軍事やイデオロギーの問題の陰でしばしば見過ごされてきたこの経済的側面こそが、ブルガリアの忠誠がなぜこれほど一貫していたのかを説明します。

出発点の問題

1944年のブルガリアは貧しい国でした。農業国であり、資本もなく、主要な天然資源もありません。石油も、良質の石炭も、十分な量の鉄鉱石もないのです。

したがってあらゆる工業化政策は、エネルギーと原材料の大量輸入を前提とします。強い外貨をもたない国にはそれを賄えません。この体制の中心的な問いは、当初から資源へのアクセスの問題でした。

ソビエトとの同盟がその答えをもたらしました。

石油の仕組み

ブルガリアの経済モデルは、のちにミハイル・ゴルバチョフが「人工呼吸」と評することになる、ソビエトからの注入によって動いていました。
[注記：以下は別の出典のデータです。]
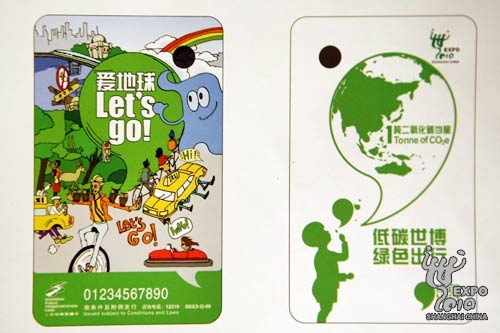 记者在现场看到,这张低碳交通卡只有普通交通卡的一半大小,印刷精美,像一个小小的纪念卡片,卡的正面是一个非常可爱的卡通图案,描述绿色出行的方式,还写着“爱地球,let’s go!”。背面的底色是白色,图案由绿色构成,上面写着:“一吨二氧化碳当量,低碳世博,绿色出行”。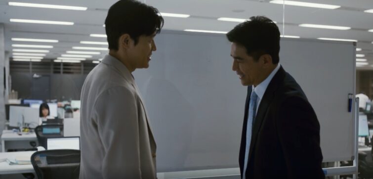 儀堂(早瀬)が部下・足立と寺本に夏海の過去を調べさせて報告を受けているシーンで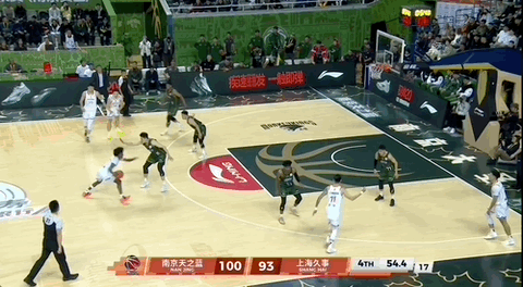 上海队前场发球,弧顶李弘权撤步三分没中,古德温拿到篮板,给弧顶李弘权,再次三分出手,命中!此后一次上海队进攻机会,古德温控球过半场,给左侧外线张镇麟,张镇麟大号三分命中,上海队通过连续三分球打进,将分差继续咬在10分左右,南京男篮叫停比赛。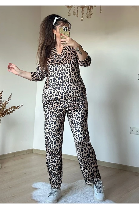 V Yaka Kadıfe Leopar Takım Büyük Beden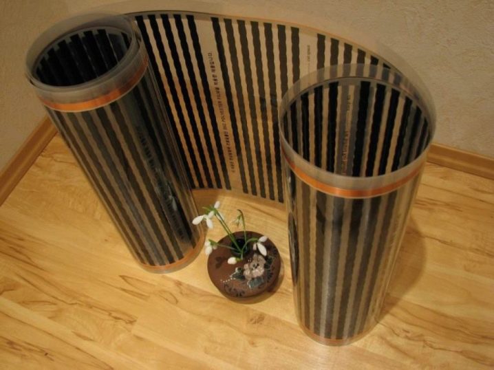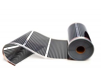 The company produces both striped film and solid. Roll thickness - 30 and 64 cm. Power - from 130 to 620 watts. It is good to use such a film to insulate loggias, to mount around the perimeter of windows and doors.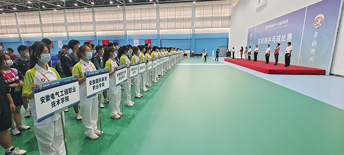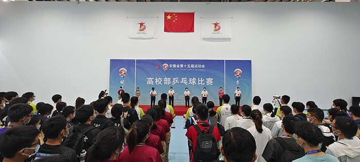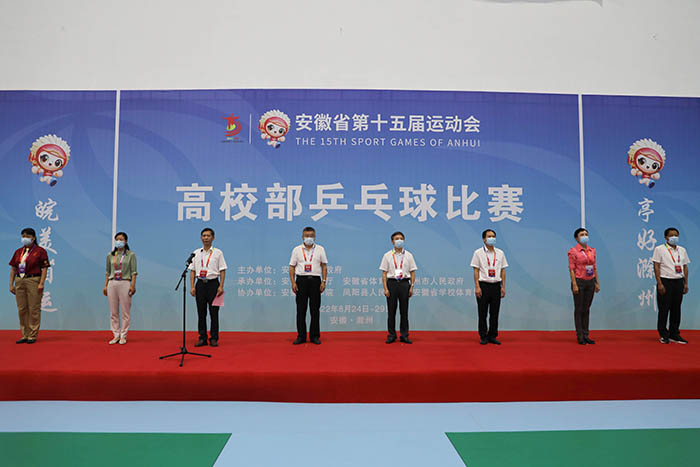 8月24日上午,安徽省第十五届运动会乒乓球比赛开赛仪式在我校凤阳校区西区体育馆举行。省委教育工委委员、省纪委监委驻省教育厅纪检监察组组长晁新,环亚在线手机版(大中国区)党委书记蒋德勤,环亚在线手机版(大中国区)党委副书记、院长李震,省教育厅体卫艺处副处长葛德连,凤阳县副县长张艳,省十五运高校部乒乓球比赛监督陈晓荣及比赛裁判长张小燕,凤阳县委教体工委书记、教体局局长刘文春出席,来自全省高校40支代表队的477名运动员、教练员、领队,以及全体裁判员和工作人员参加开幕式。开赛仪式由李震主持。

主たる仕組みは原材料の安価な供給であり、その筆頭が石油と電力でした。ブルガリアは相互経済援助会議コメコン(СИВ)の枠内で、ソビエトの原油を補助価格で受け取っていました。

さらに最も収益性の高い仕掛けが続きます。ブルガリアはこのソビエト産の石油を精製し、西側市場へ再輸出して兌換通貨を得ていたのです。 1981年から1983年にかけて、この再輸出はおよそ22億ドルの収入を生み出しました。それは工業化の資金となり、近隣諸国と比べて相対的に高い生活水準を維持するために使われました。

1980年の光景を説明するのがこの仕組みです。ポーランドが欠乏と配給に苦しんでいたその時期に、ブルガリアは最も消費水準の高い時代を生きていました。

併合の申し出

ジフコフの戦略は徹底しており、1963年と1973年の二度にわたって、ブルガリアが第16番目の共和国として正式にソビエト連邦に加わることを密かに提案しました。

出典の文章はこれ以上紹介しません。